- **Exercise description**:
Retype nothing except the lines below from the one with "見学に際しては、本ゼミの博士" through the one with "This abstract canvas", exactly, with images left out.

- **Records provided**:
------------------------------------------------------------------------
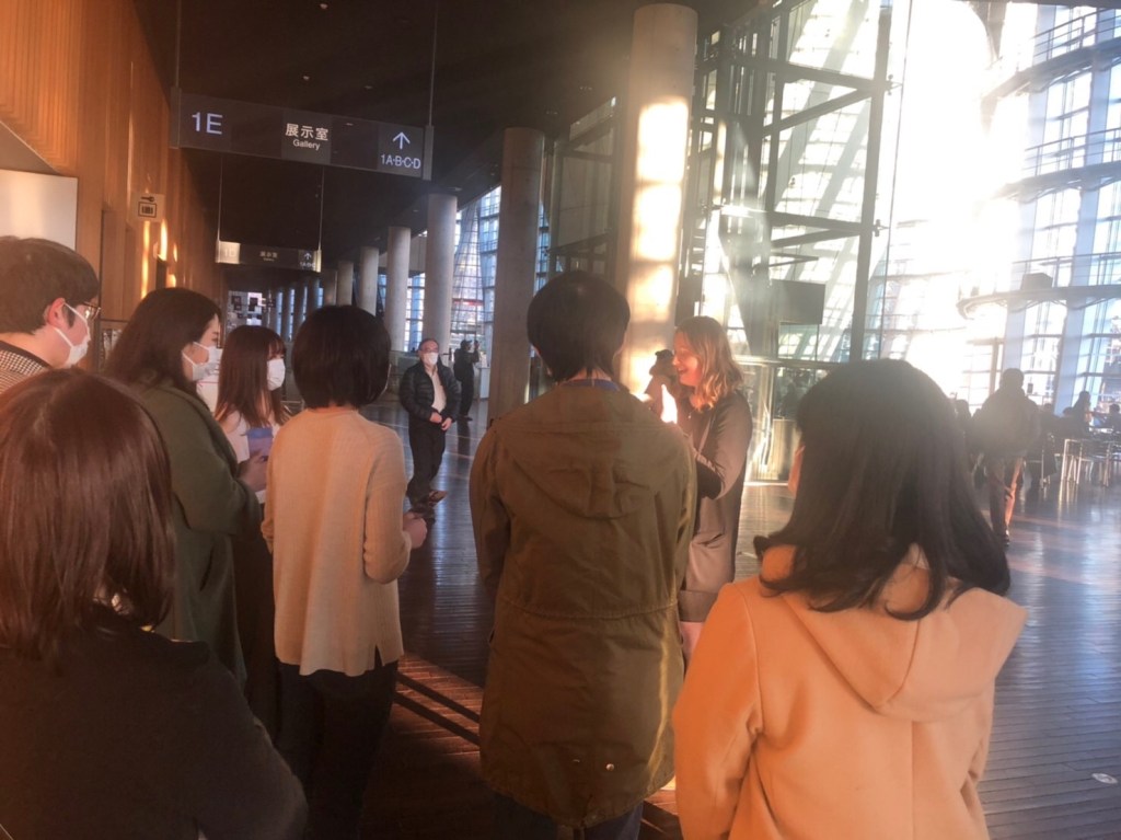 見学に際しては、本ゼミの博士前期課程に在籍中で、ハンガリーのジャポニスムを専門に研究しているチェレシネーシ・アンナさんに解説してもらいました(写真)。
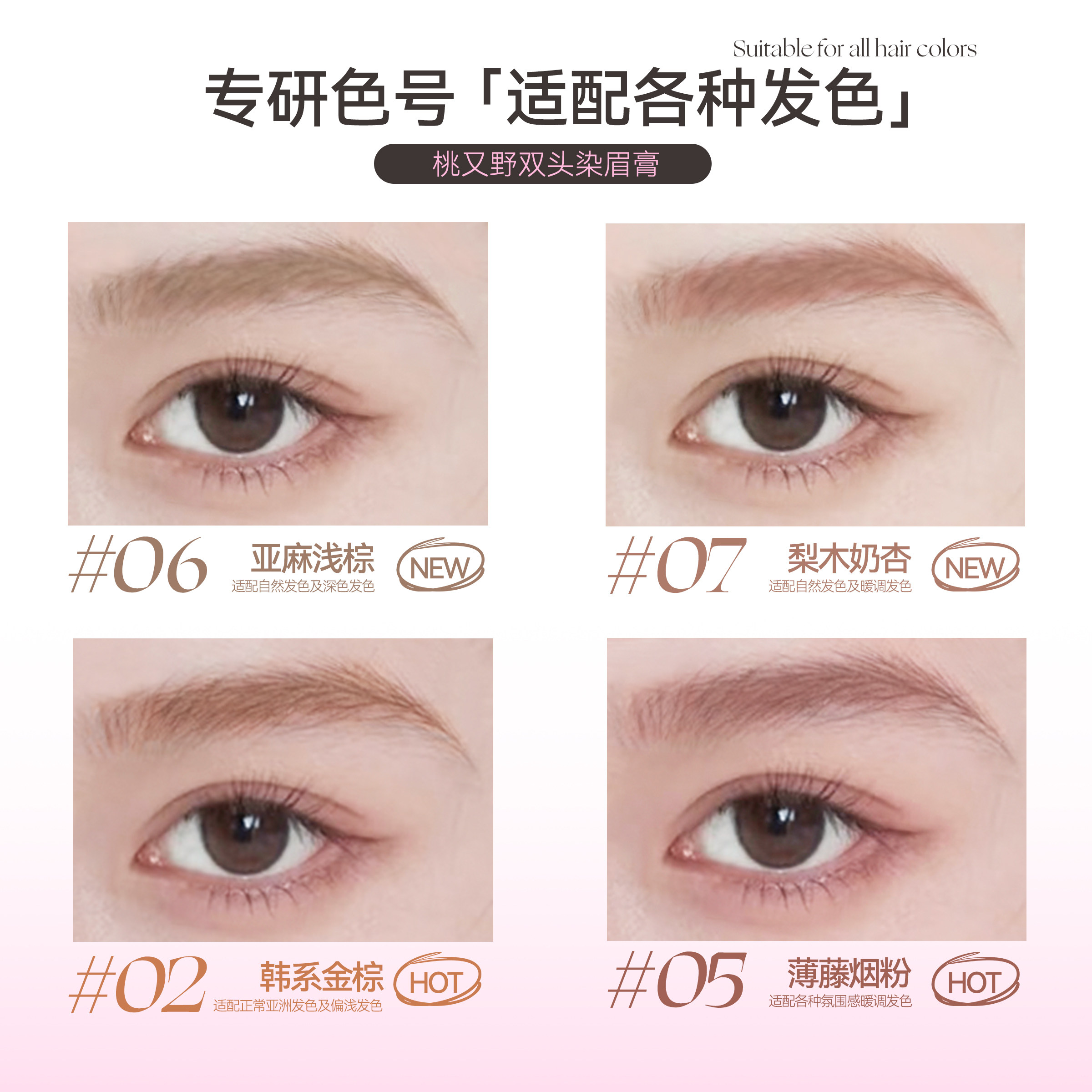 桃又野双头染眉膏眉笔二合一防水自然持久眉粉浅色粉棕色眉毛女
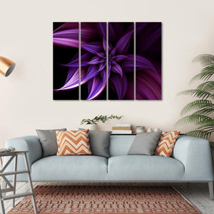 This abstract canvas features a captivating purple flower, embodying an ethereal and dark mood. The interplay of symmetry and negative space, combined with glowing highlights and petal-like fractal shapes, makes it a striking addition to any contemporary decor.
------------------------------------------------------------------------
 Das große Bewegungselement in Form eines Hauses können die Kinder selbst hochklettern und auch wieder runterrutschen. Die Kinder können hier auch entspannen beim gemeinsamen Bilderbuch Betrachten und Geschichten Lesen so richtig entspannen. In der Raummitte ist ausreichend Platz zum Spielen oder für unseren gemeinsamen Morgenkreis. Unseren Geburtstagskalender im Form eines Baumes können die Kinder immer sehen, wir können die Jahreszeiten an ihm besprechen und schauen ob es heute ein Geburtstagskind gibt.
------------------------------------------------------------------------
- **Response to the exercise**:
 見学に際しては、本ゼミの博士前期課程に在籍中で、ハンガリーのジャポニスムを専門に研究しているチェレシネーシ・アンナさんに解説してもらいました(写真)。
 桃又野双头染眉膏眉笔二合一防水自然持久眉粉浅色粉棕色眉毛女
 This abstract canvas features a captivating purple flower, embodying an ethereal and dark mood. The interplay of symmetry and negative space, combined with glowing highlights and petal-like fractal shapes, makes it a striking addition to any contemporary decor.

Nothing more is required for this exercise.